Follow this guide to configure and execute hadoop on standalone (for mac) mode: http://amodernstory.com/2014/09/23/installing-hadoop-on-mac-osx-yosemite

Create hdfs directories that will be used by RedRock v2

$TIARA_HOME/dev/make-hdfs-dirs.sh

Redis

Install the latest version of redis

brew install redis

Scala & Java

Should be using Scala version 2.10 and Java 8.

Apache Spark

Download pre-built Apache Spark 1.6.1 for Hadoop 2.6 and later and decompress it (http://spark.apache.org/downloads.html).
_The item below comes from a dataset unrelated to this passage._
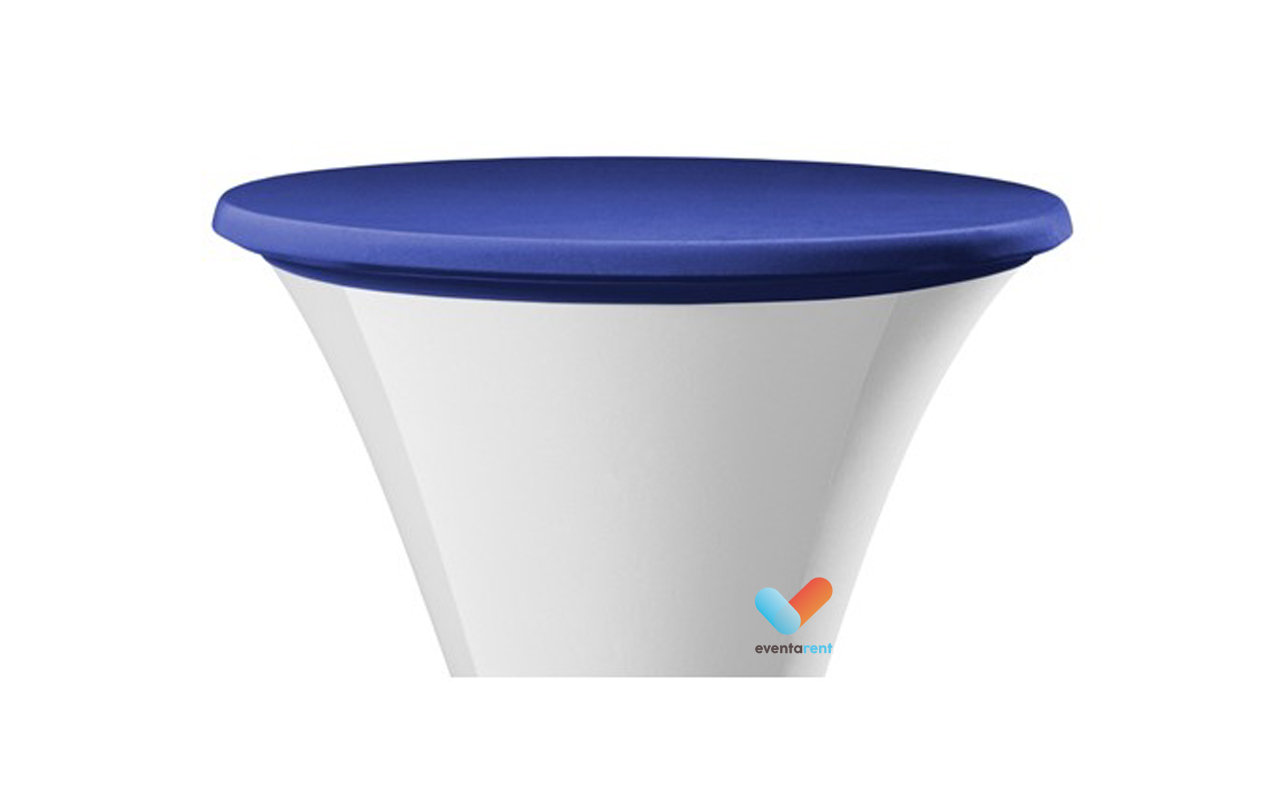 Huur je marineblauwe stretchrok topcover voor een statafel bij Eventa Rent. Wij verhuren kwaliteitsvolle stretchrokken, tafelkleden en stoelenhoezen; goedkoop en professioneel. Wist je dat wij een gevarieerd aanbod aan bestek, servies, glazen en linnen verhuren voor elke gelegenheid? Ideaal als je niet voldoende tafelgerei in huis hebt of zelf de afwas niet wil doen.
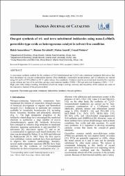 A convenient synthetic method for the synthesis of 2,4,5-trisubstituted and 1,2,4,5-tetra substituted imidazole derivatives, has been developed via one-pot condensation reaction in solvent-free condition when aldehyde, ammonium acetate/amine, and 1,2-diketone are reacted using 0.8 mol% of NP-LaMnO3 at 80 °C under solvent free conditions. Catalyst could be recovered and reused in five reaction cycles without any loss of its activities, giving a total turnover number (TON) = 594 and turn over frequency (TOF) = 71 h−1. High yield, little catalyst loading, elimination of solvent, simple workup, recovery and reusability of the catalyst are some of the impressive features of the present method.

Configuring Apache Spark in standalone mode

Configure environment variable SPARK_HOME at your shell initialization file with the path to the directory where your Apache Spark is installed
- For example: at your /home/.profile add the line export SPARK_HOME=/Users/YOURUSERNAME/Spark/spark-1.6.1-bin-hadoop2.6
Save file conf/slaves.template as conf/slaves
Save file conf/spark-env.sh.template as conf/spark-env.sh and add the following lines:
- HADOOP_CONF_DIR=/usr/local/Cellar/hadoop/2.7.0/libexec/etc/hadoop/
  - Hadoop home path where you can find the configuration files like hdfs-site.xml and core-site.xml
- SPARK_WORKER_DIR=/Users/YOURUSERNAME/opt/SparkData
  - Create a local directory to save Spark logs
- SPARK_WORKER_CORES=1
  - Define the amount of cores to be used for each worker instance. Keep in mind the number of logical cores your machine has.
- SPARK_WORKER_INSTANCES=5
  - Define it based on how many logical cores your machine has. Keep in mind that each worker instance is going to use the amount of worker cores you defined. In this current setup, we are using 5 cores at total, which means 5 (workers) * 1 core (worker-cores)
- SPARK_WORKER_MEMORY=2g
  - Define it based on how much memory RAM your machine has. Keep in mind that each worker instance is going to use the amount of worker memory you defined. In this current setup, we are allocating 10g of memory, which means 5 (workers) * 2g (worker-memory)
- SPARK_DRIVER_MEMORY=4g
  - Define it based on how much memory RAM your machine has. In this current setup our total memory RAM is 16g and we have already allocated 10g for workers.
Save file conf/log4j.properties.template as conf/log4j.properties log4j.rootCategory=WARN. Save it as

Note: The above Apache Spark setup is considering a machine with at least:

16gb of memory RAM
4 cores (8 logical cores)

SBT plugin

Install sbt plugin. More information at http://www.scala-sbt.org/0.13/docs/Installing-sbt-on-Mac.html

Starting applications

Before running RedRock v2 you must start all the following applications:

Apache Hadoop: Use command hstart (in case you followed the installation instruction at the Hadoop section)
Redis: Run redis-server (note: you may want to use nohup for it to run in the background)
Apache Spark: Inside Apache Spark home path use command ./sbin/start-all.sh

Configuring RedRock v2

All the configurations for RedRock v2 are at: TIARA_HOME/conf/tiara-app.conf.template. Copy this file and save at the same location without the .template extension.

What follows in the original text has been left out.